You can call a Mean with a value or with another Mean to fill inplace, as well.

WeightedMean
^^^^^^^^^^^^

This accumulator is contained in the WeightedMean storage, and supports Views.
It provides four values; ``.sum_of_weights``, ``sum_of_weights_squared``,
``.value``, and ``.variance``. Internally, the variance is stored as
``_sum_of_weighted_deltas_squared``, which is used to compute ``variance``.

For example, you could compute the mean of the following values::

    import boost_histogram as bh

    values = [1]*9 + [91]
    wm = bh.accumulators.WeightedMean().fill(values, weight=2)
    print(f"{wm = }")

.. code-block:: text

    wm = WeightedMean(sum_of_weights=20, sum_of_weights_squared=40, value=10, variance=810)

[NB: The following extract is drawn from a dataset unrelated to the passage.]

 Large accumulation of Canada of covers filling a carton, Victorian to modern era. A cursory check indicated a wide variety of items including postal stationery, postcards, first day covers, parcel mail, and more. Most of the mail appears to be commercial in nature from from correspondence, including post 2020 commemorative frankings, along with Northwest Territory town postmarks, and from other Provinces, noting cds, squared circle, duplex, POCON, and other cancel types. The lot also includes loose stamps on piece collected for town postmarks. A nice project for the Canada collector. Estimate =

You can add a ``weight=`` keyword when filling, with either a single value or a
matching length array of values.

You can call a WeightedMean with a value or with another WeightedMean to fill
inplace, as well.

Views
-----

Most of the accumulators (except Sum) support a View. This is what is returned from
a histogram when ``.view()`` is requested. This is a structured NumPy ndarray, with a few small
additions to make them easier to work with. Like a NumPy recarray, you can access the fields with
attributes; you can even access (but not set) computed attributes like ``.variance``. A view will
also return an accumulator instance if you select a single item. You can set a view's contents
with a stacked array, and each item in the stack will be used for the (computed) values that a
normal constructor would take. For example, WeighedMean can take an array with a final
dimension four long, with ``sum_of_weights``, ``sum_of_weights_squared``, ``value``, and ``variance``
elements, even though several of these values are computed from the internal representation.